▸ Task goal: Please repeat nothing except the lines from the one containing "Sedia da Ufficio" through the end of the records, exactly and without pictures.

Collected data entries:
******

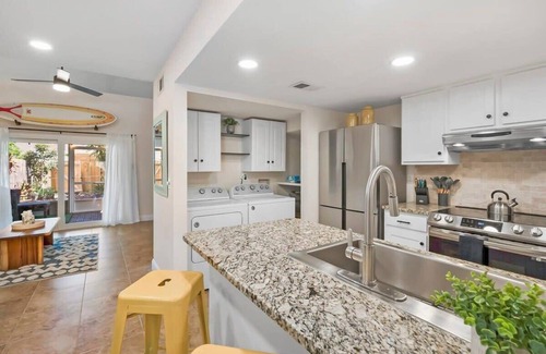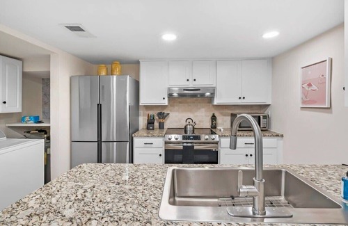 LAUNDRY: We offer laundry machines in the unit with starter laundry pods + dryer sheets, iron and ironing board and some basic cleaning supplies for your convenience.
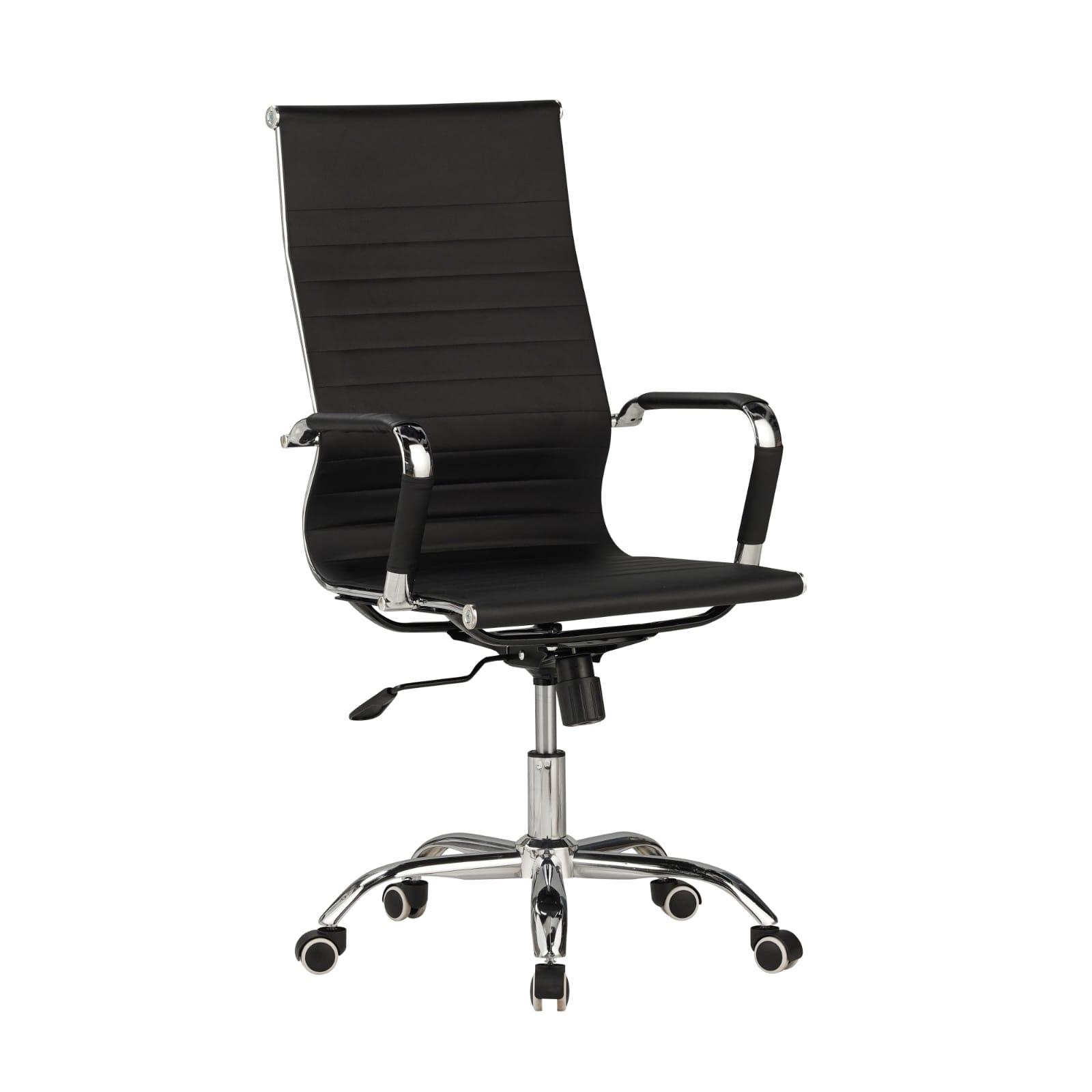 Sedia da Ufficio Girevole Nero, Schienale Alto, in ecopelle nera, design ergonomico – struttura in metallo – altezza regolabile
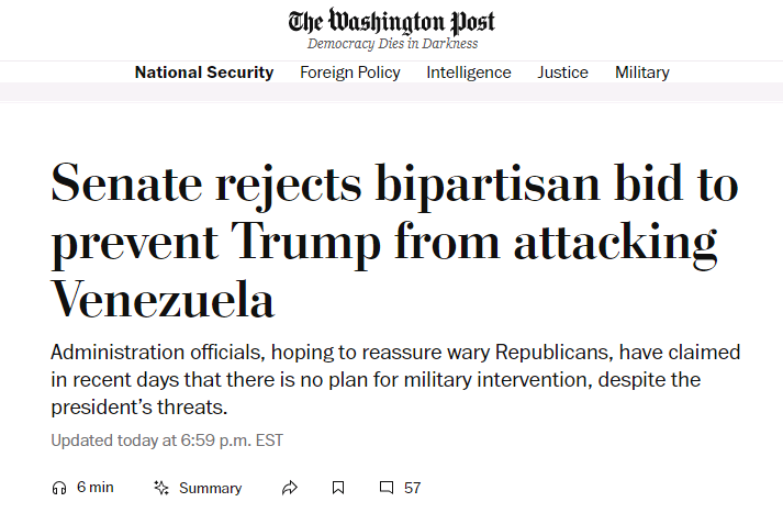 Завдяки республіканцям верхня палата конгресу США відхилила двопартійну резолюцію, спрямовану на перешкоду президенту Дональду Трампу атакувати територію Венесуели. Таким чином, сенатори від Республіканської партії де-факто схвалили масштабне застосування військової сили в Латинській Америці.
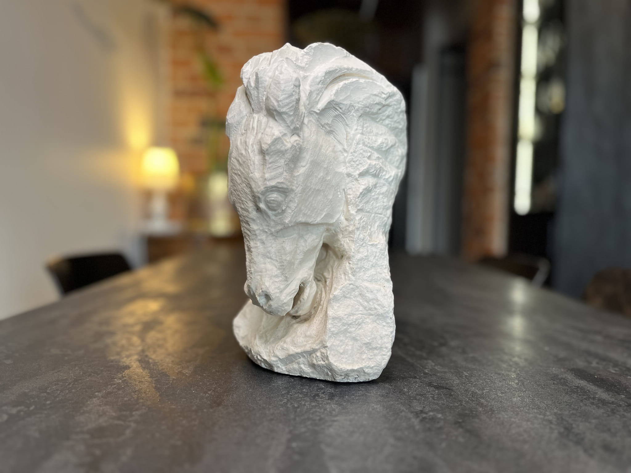 Efektowna rzeźba przedstawiająca głowę konia, utrzymana w klasycznej, realistycznej stylistyce. Wyraziste opracowanie detali – grzywy, pyska oraz linii głowy – nadaje jej szlachetny i dynamiczny charakter
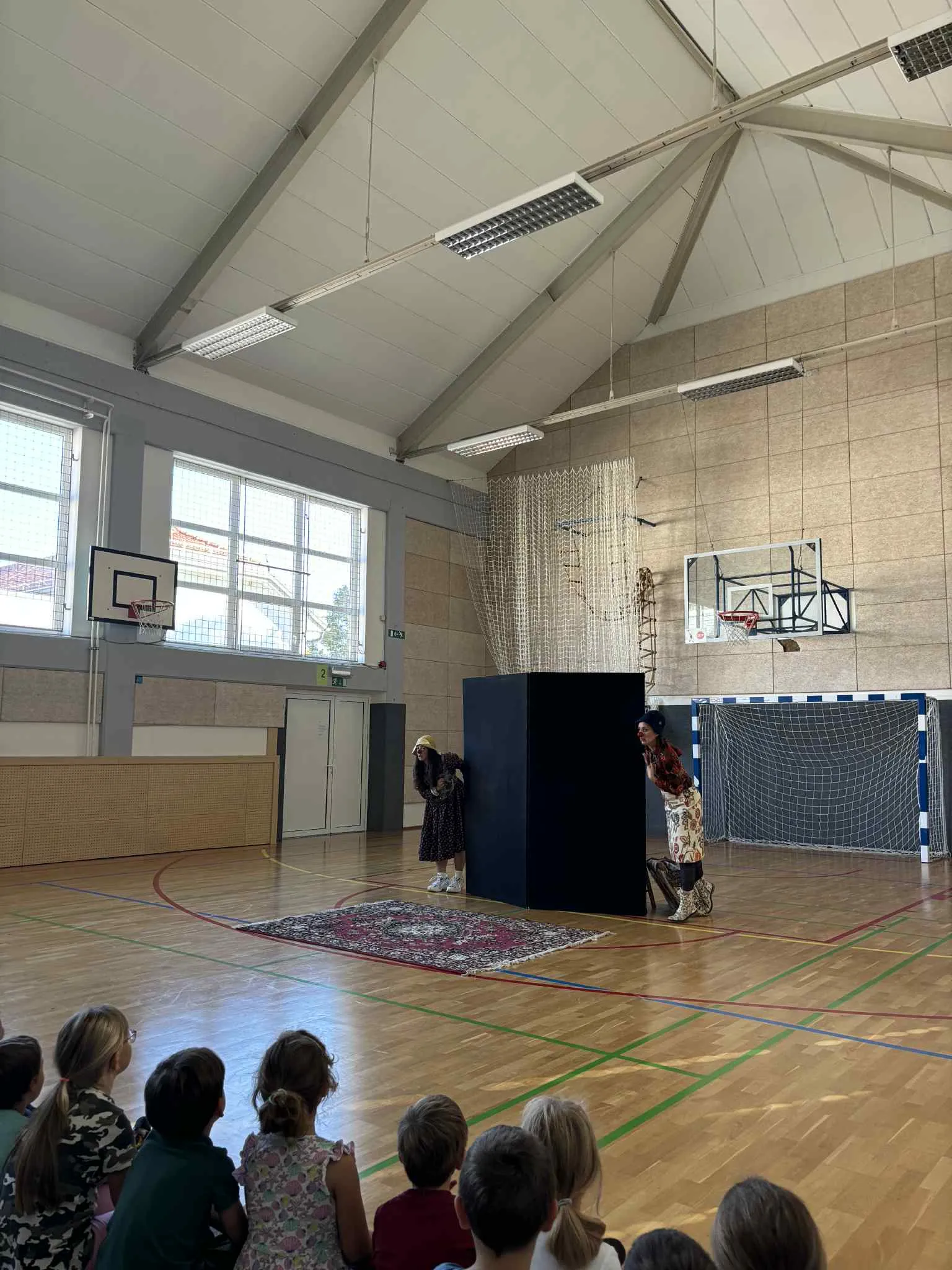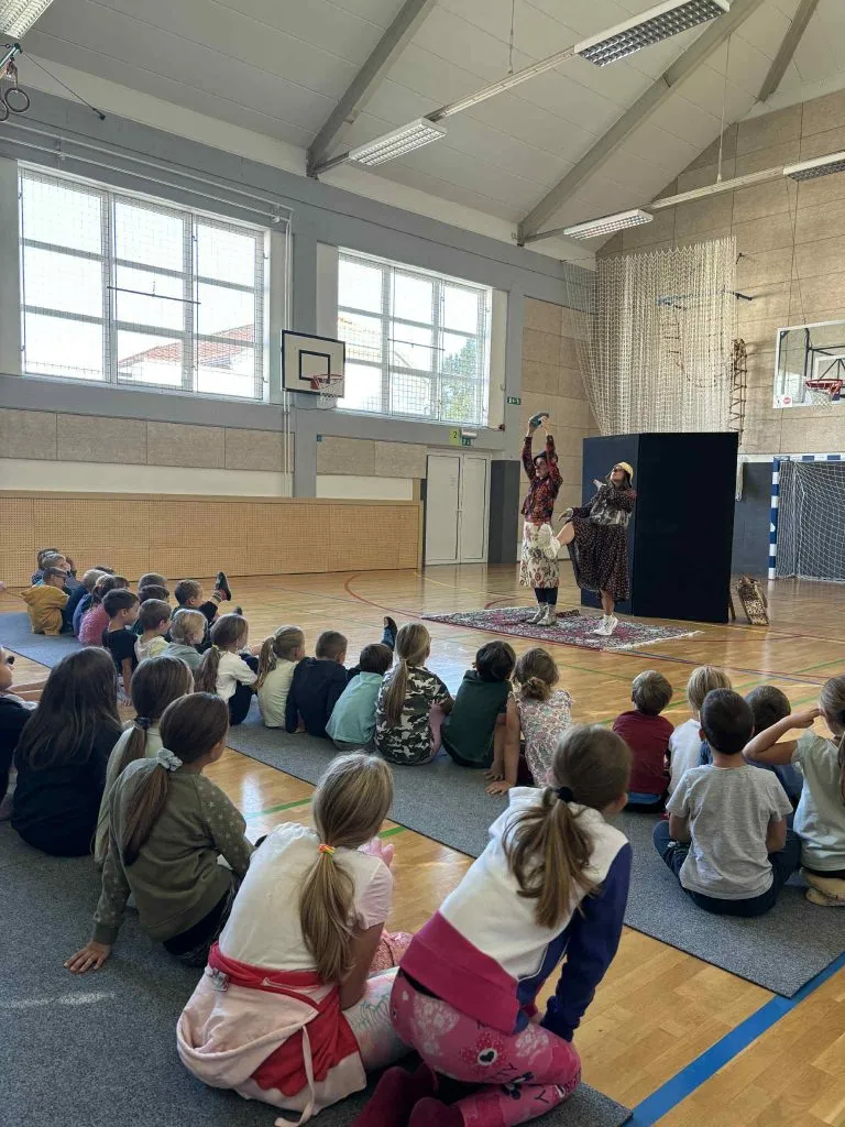 18. septembra 2025 se je naša šolska telovadnica spremenila v gledališče. Po tleh so se razgrnile blazine, pred njimi pa je bila postavljena kulisa. Učenci 1., 2., 3., 4. in 5. razreda so se posedli na blazine in skupaj smo čakali začetek predstave.
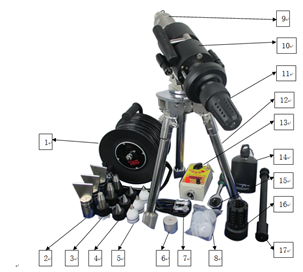 主機箱(A) 1個 配件箱(B) 1個 主機 1臺 三腳架 1個 水壺 1個 線盤 1個 起爆器 1個 電發(fā)火彈 10個 彈筒 1個 鏟形切刀彈 3個 錐形有機玻璃彈 3個 圓柱形鋼芯彈 3個 圓錐形鋼芯彈 3個 棘輪扳手 1個 退彈桿 1個 水堵 10個 連接短線 1根 合格證 1個 說明書 1份
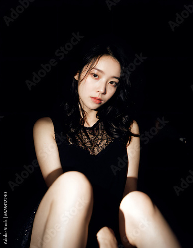 © Dalcefo, Fototapeta premium 어두운 장소의 콘트라스트가 강한 앉아있는 아시아 여성의 사진

******

▸ Result of the task:
 Sedia da Ufficio Girevole Nero, Schienale Alto, in ecopelle nera, design ergonomico – struttura in metallo – altezza regolabile
 Завдяки республіканцям верхня палата конгресу США відхилила двопартійну резолюцію, спрямовану на перешкоду президенту Дональду Трампу атакувати територію Венесуели. Таким чином, сенатори від Республіканської партії де-факто схвалили масштабне застосування військової сили в Латинській Америці.
 Efektowna rzeźba przedstawiająca głowę konia, utrzymana w klasycznej, realistycznej stylistyce. Wyraziste opracowanie detali – grzywy, pyska oraz linii głowy – nadaje jej szlachetny i dynamiczny charakter
 18. septembra 2025 se je naša šolska telovadnica spremenila v gledališče. Po tleh so se razgrnile blazine, pred njimi pa je bila postavljena kulisa. Učenci 1., 2., 3., 4. in 5. razreda so se posedli na blazine in skupaj smo čakali začetek predstave.
 主機箱(A) 1個 配件箱(B) 1個 主機 1臺 三腳架 1個 水壺 1個 線盤 1個 起爆器 1個 電發(fā)火彈 10個 彈筒 1個 鏟形切刀彈 3個 錐形有機玻璃彈 3個 圓柱形鋼芯彈 3個 圓錐形鋼芯彈 3個 棘輪扳手 1個 退彈桿 1個 水堵 10個 連接短線 1根 合格證 1個 說明書 1份
 © Dalcefo, Fototapeta premium 어두운 장소의 콘트라스트가 강한 앉아있는 아시아 여성의 사진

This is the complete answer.